Riapertura palestre, piscine e sport: se ne riparla nel 2021
Varese, 23 Novembre 2020 ore 19:00

Il Ministro per le Politiche Giovanili e Sport Vincenzo Spadafora ieri sera, giovedì 18 novembre, a Porta a Porta ha reciso il filo di speranza cui erano appese palestre, piscine, società sportive e atleti di tutto il Paese, che speravano in una riapertura nel nuovo Dpcm.

Palestre, piscine e sport: niente riaperture nel Dpcm Natale

Doccia gelata per tutto il mondo dello sport che sperava di poter riaprire pur tra regole e norme di sicurezza a dicembre. Il Ministro allo Sport Vincenzo Spadafora ha chiuso ad ogni possibilità:

Non esistono le condizioni sanitarie in questo momento per poter prevedere nel nuovo Dpcm, quello che entrerà in vigore dopo il 4 dicembre, nuove aperture per quanto riguarda lo sport”.

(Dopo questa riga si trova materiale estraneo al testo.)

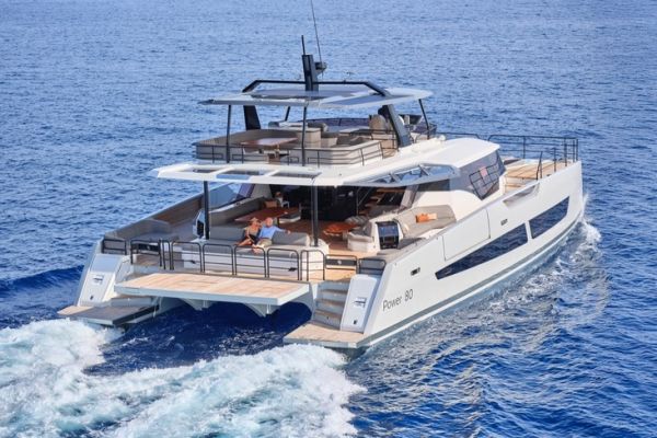 Il Power 80 è il nuovo yacht a motore di Fountaine Pajot, direttamente derivato dall'FP 80 a vela. Questo catamarano a motore si rivolge a chi cerca la crociera oceanica nel comfort di uno yacht di oltre 23 metri. Che si tratti del lancio di una nuova gamma o di una versione a motore di un modello esistente, con questo modello il cantiere di La Rochelle si sposta verso l'alto, pur mantenendo i codici estetici della sua serie.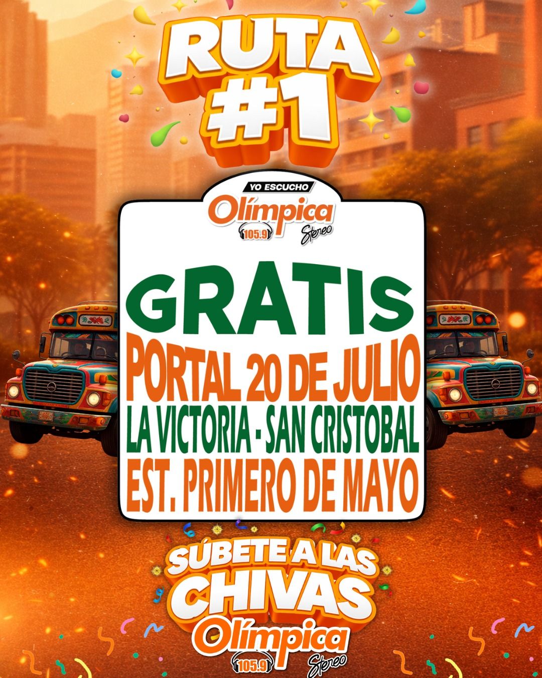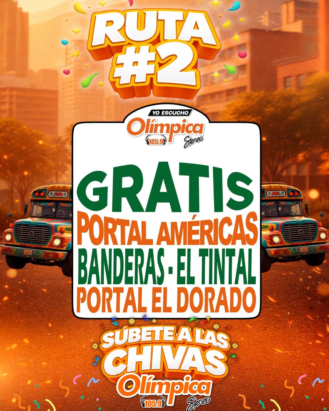 Para facilitar el transporte y ponerle sabor al madrugón, la emisora ha dispuesto dos rutas estratégicas de chivas que operarán de 6:00 a. m. a 10:00 a. m. y de 3:00 p. m. a 7:00 p. m.
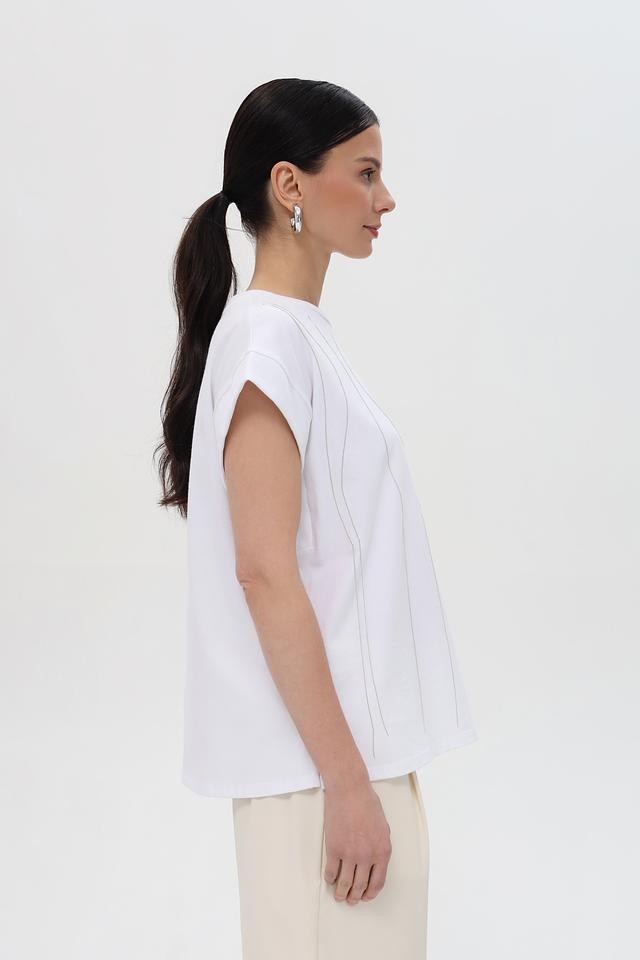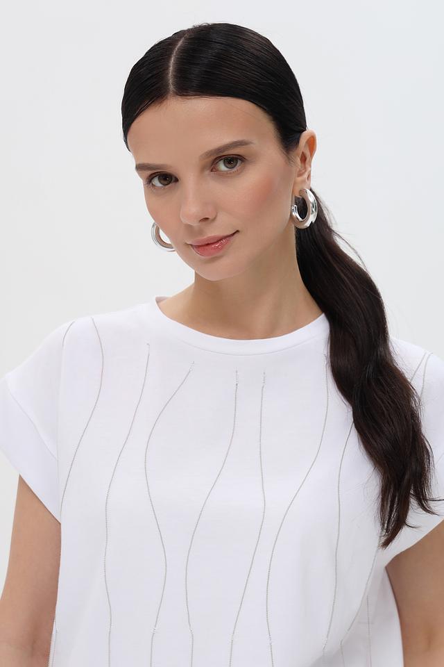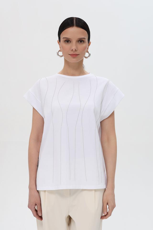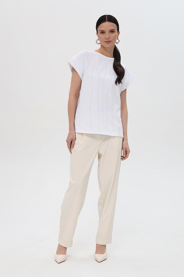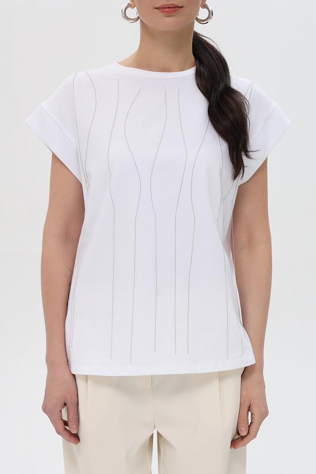 Особенностью данной модели является вертикальная фактура, которая визуально вытягивает силуэт и добавляет изюминку образу. Короткие рукава и свободный крой делают футболку удобной для ношения в теплую погоду.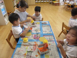 のりや色紙を使って製作をしました。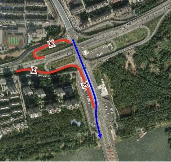 桥下地面道路受桥梁高度限制,为保障通行安全和畅通,除北向西辅路右转通道外,各方向辅路入口处一律限高2.2米,即只准小型客车通行,货车等超高车辆需提前绕行。同时,为保障桥梁施工期间的安全,需根据施工进度分期关闭桥下部分辅路或限制进入车辆的行驶方向。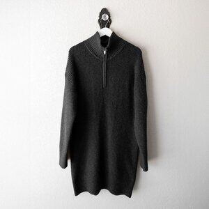 Old Navy Dress Sz L Dark Gray Knit 1/4 Zip Ribbed Long Sleeve Shift Recycled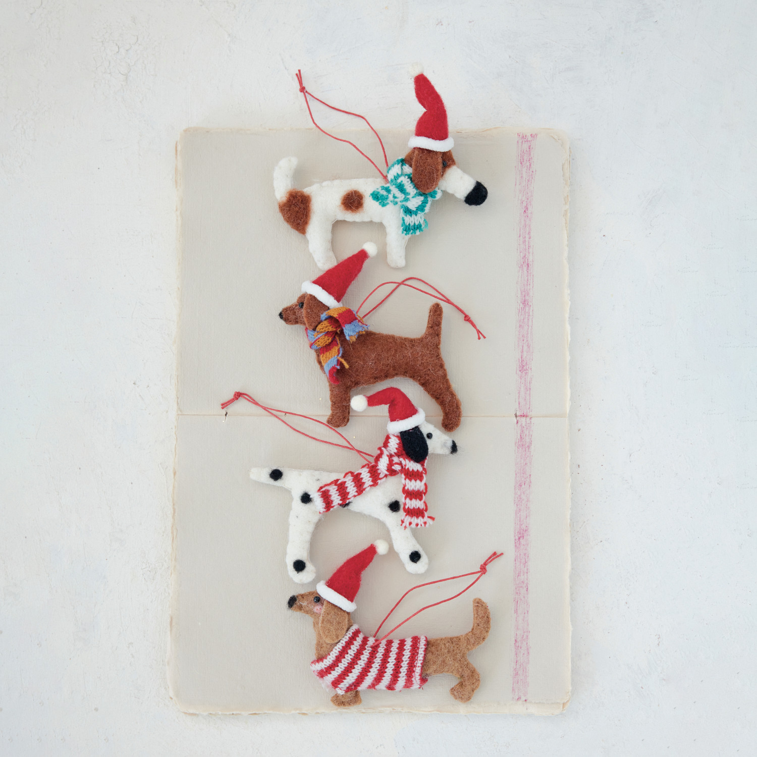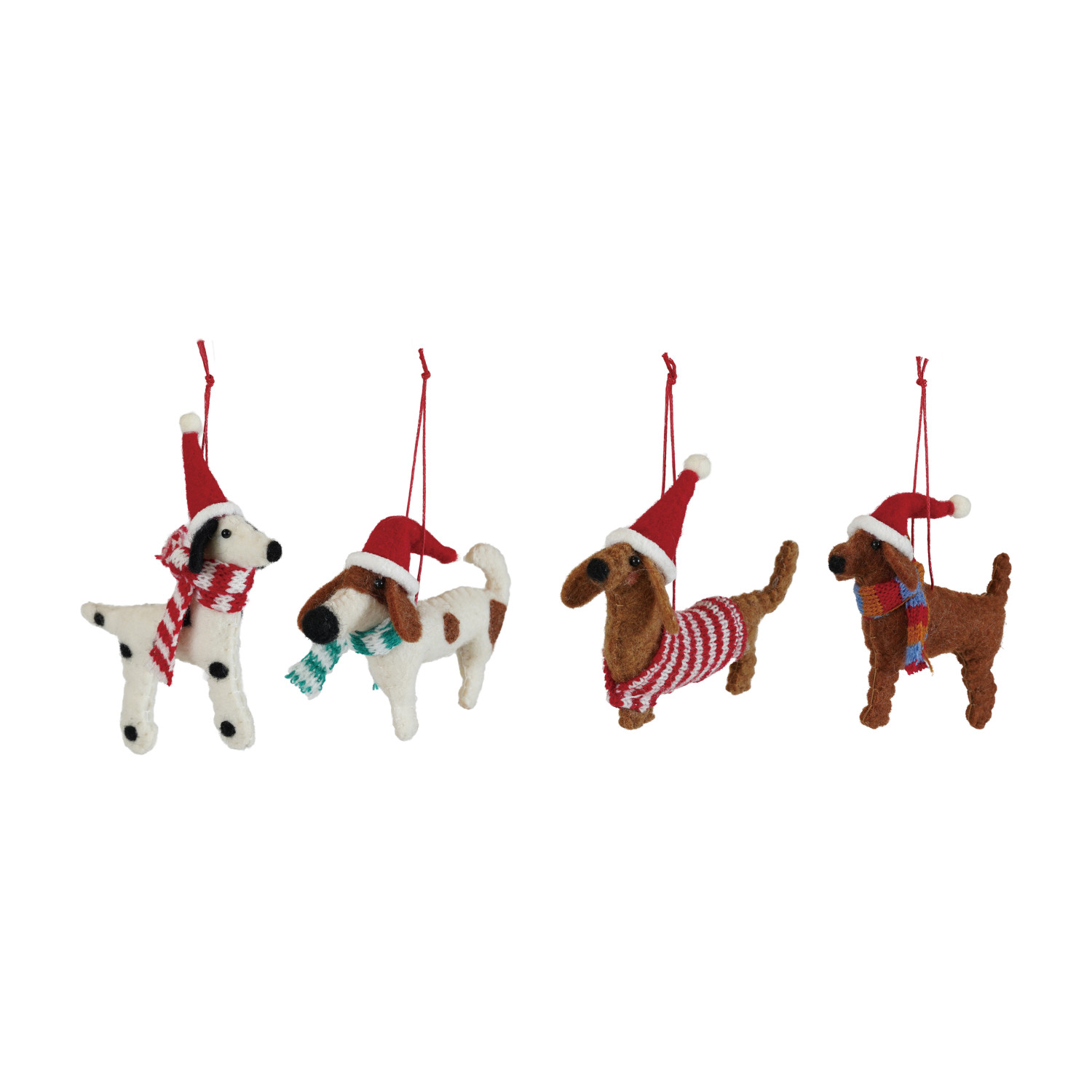 Catalog Name: Approximately 5"L Wool Felt Dog in Hat & Scarf/Sweater Ornament, Multi Color, 4 Styles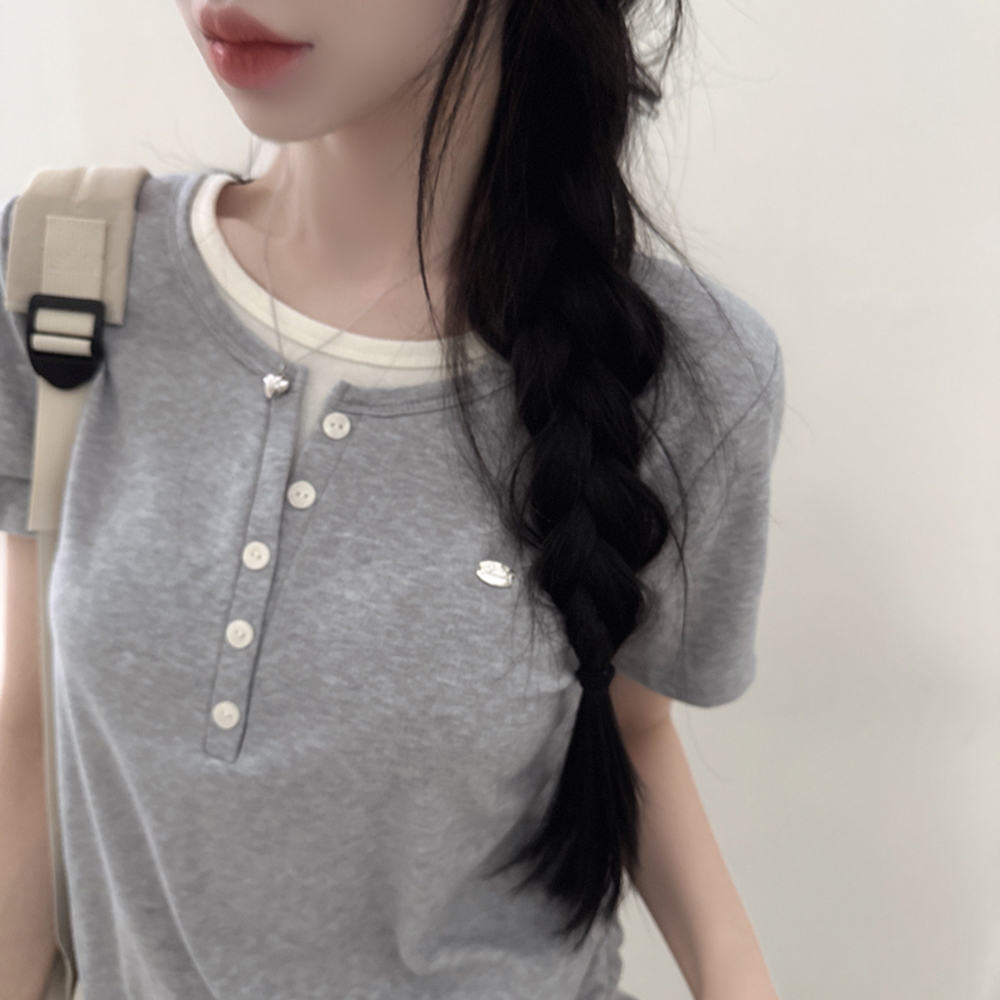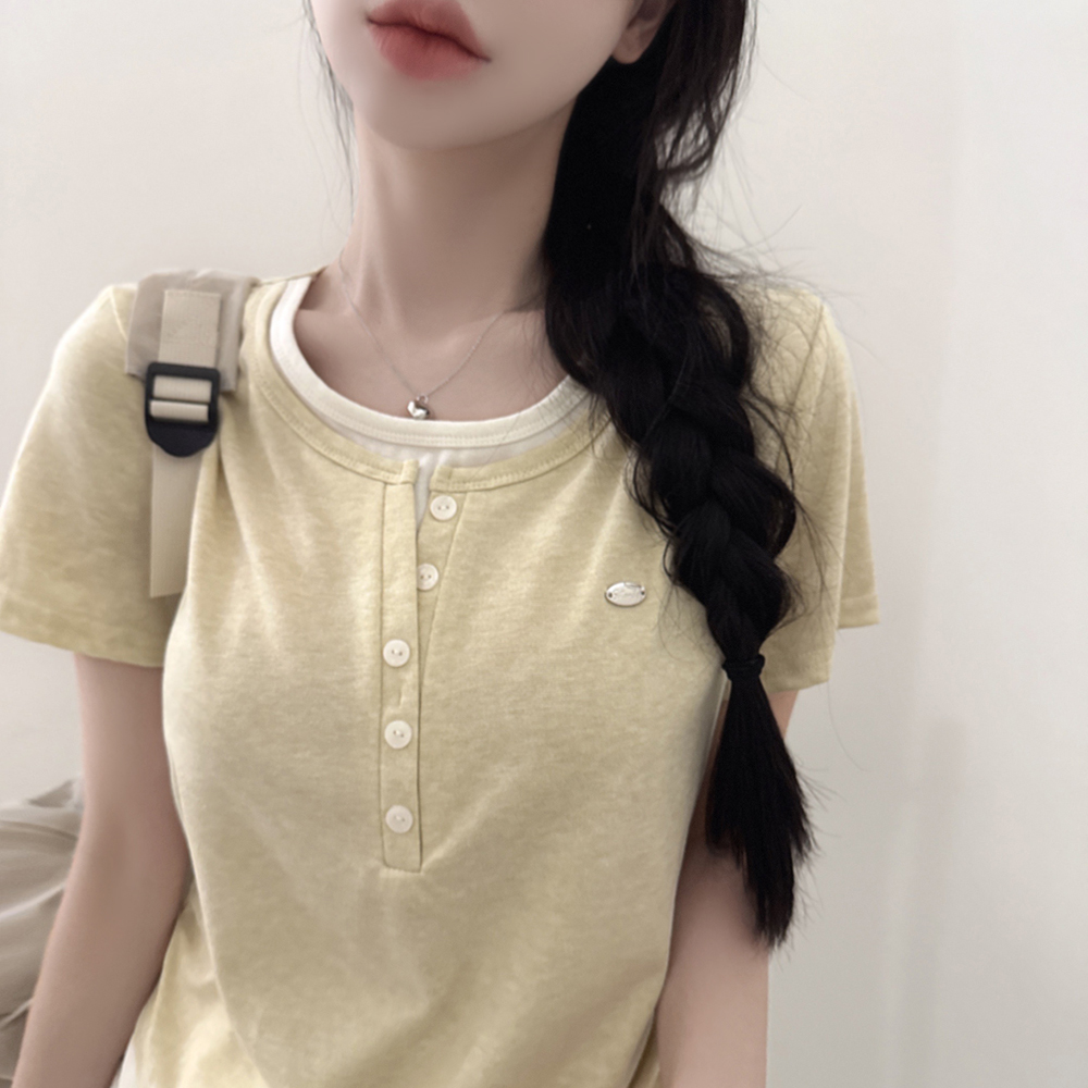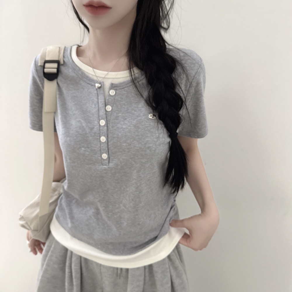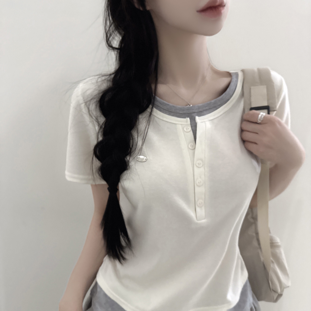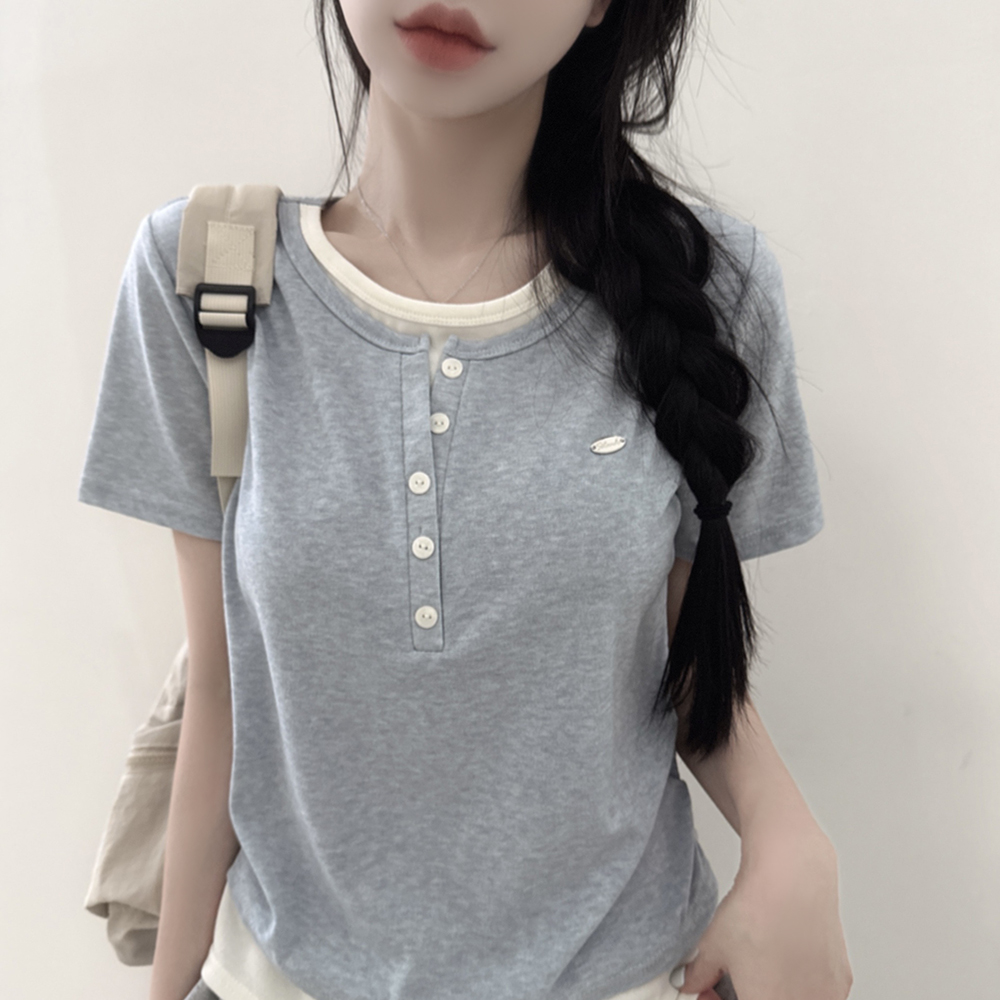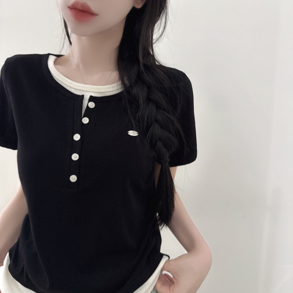 ワッペンバイカラーレイヤードサイドシャーリングラウンドネック半袖Tシャツ

Un’anticipazione che allontana di un altro mese almeno gli auspici di tutti i gestori e proprietari, per non parlare di tutte quelle persone che, grazie allo sport, lavorano. Una nuova batosta dopo la chiusura decisa dal Governo. Una decisione, quella, presa a una settimana dall’avvertimento a “mettersi in regola, o si chiude tutti” lanciato da Conte e a pochi giorni dalla sigla, sempre di Spadafora, del Protocollo con le linee guida per l’attività sportiva, occasione in cui il ministro aveva ribadito di saper bene che “i gestori di palestre, piscine e centri sportivi sono stati scrupolosi nel rispetto delle indicazioni date finora e la dimostrazione è che non vi sono focolai riconducibili a questi luoghi“.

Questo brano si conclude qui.